Motorcycling home, Ward was revived by the night air. He knew, now, what had caused his torpor, and he knew, too, if Miss Frost didn’t take him off the floor tomorrow and into the penthouse with her, he would have to resign. There was only enough solution for one more revival of his SA(2) factor. If she didn’t take him tomorrow, she wouldn’t want him after another barrage of Gollenberger and Stein’s high notes.
And the Daisy Chain was the only place where Diana could find him.
At the apartment Ward brought his electrodes and solution in from the garage, but he was too tired to take a bath.

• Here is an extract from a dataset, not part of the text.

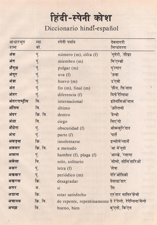 हिंदी- स्पेनी कोश- Diccionario Hindi Espanol, Hindi- Spanish Dictionary (An Old and Rare Book)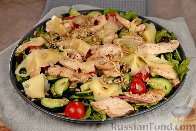 - Салат с курицей и овощами: Куриное филе в сочетании с хрустящими овощами и ломтиками сыра создаёт идеальный баланс вкусов. Заправить растительным маслом и лимонным соком — простое, но эффективное решение.

Slipping into his pajama bottoms, he went into the living room to watch television, and he had hardly settled into his chair when a knock came at the door.
He went to open the door, turning on the entrance light.
Outside the screen stood two white men, crew-cut, wearing blue suits. An animal wariness about them reminded him of Joe Cabroni, which was explained when the man nearest the door held up a billfold opened to his identification and said, “We’re from the FBI and we’d like to speak to Freddie the Hustler.”
Despite his weariness, Ward inwardly alerted. Their information was dated; Freddie was now the High Wheeler. As the information registered on his consciousness, Ward noticed that the second man was studying his head with the same objectivity Ward had observed in the Barber and Hattie.